Summary

The Inmate Bank System, administered by the Department of Corrections, accounts for moneys received and disbursed for an inmate’s personal use or benefit. Until October 2000, the Inmate Bank System was a Statewide application that ran independently at each of the Department’s facilities.  During October 2000, in an effort to accommodate budget restraints, according to the Department, this function was centralized, and, during our audit period, resided within the Department’s Central Office, Bureau of Finance and Accounting. 

Our audit of the Inmate Bank System for the period March 2003 through June 2003, and selected Department actions taken through July 2003, focused on evaluating selected information technology functions, and determining the effectiveness of selected general and application controls, including application system modifications, access to programs and data, user controls and controls over selected areas of input, processing, output, and manual follow-up.  We also determined management’s awareness of the Health Insurance Portability and Accountability Act of 1996 (HIPAA) legislation and what actions, if any, had been taken concerning this legislation.  In addition, we determined whether the Department had corrected, or was in the process of correcting the access and reconciliation related deficiencies disclosed in audit report No. 03-022.

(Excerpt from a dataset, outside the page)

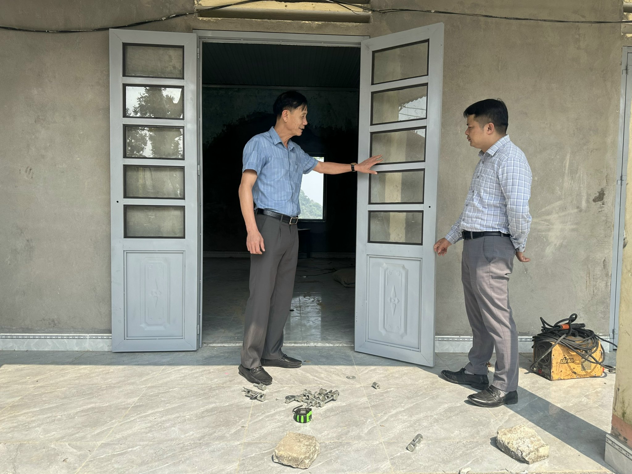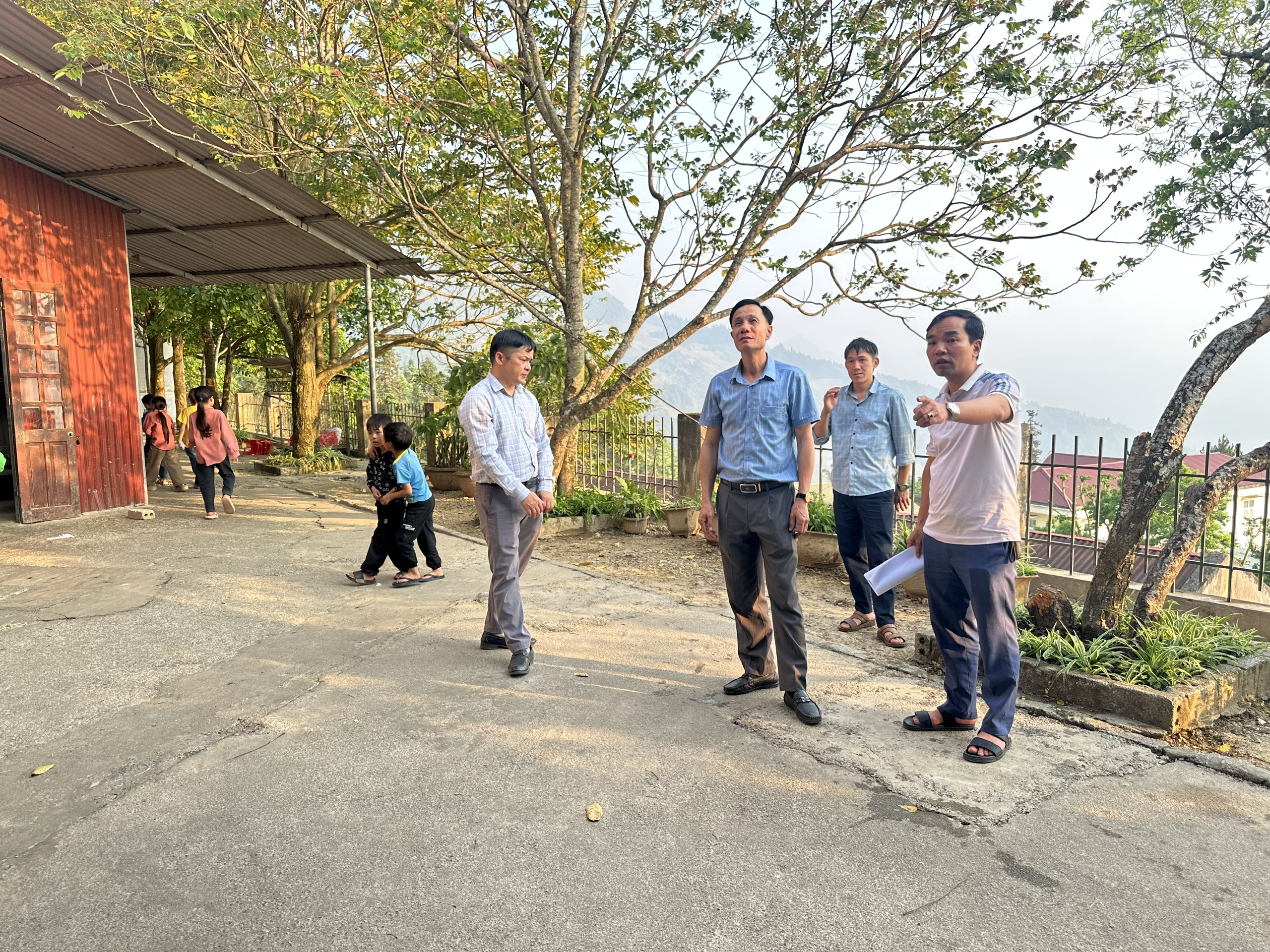 Đồng chí Phan Văn Trình, Phó chủ tịch UBND xã khảo sát địa điểm dựng nhà lắp ghép bán trú cho học sinh.

 The results of our audit are summarized as follows:

Finding No. 1:  Improvements were needed in the Department’s program change control procedures with regard to documenting program changes in the client server environment. 

Finding No. 2:  The Department needs to improve its IT risk management practices and certain security controls protecting the Inmate Bank System.

The Secretary's and Chief Information Officer’s written responses to the audit findings and recommendations are included on the Auditor General web site.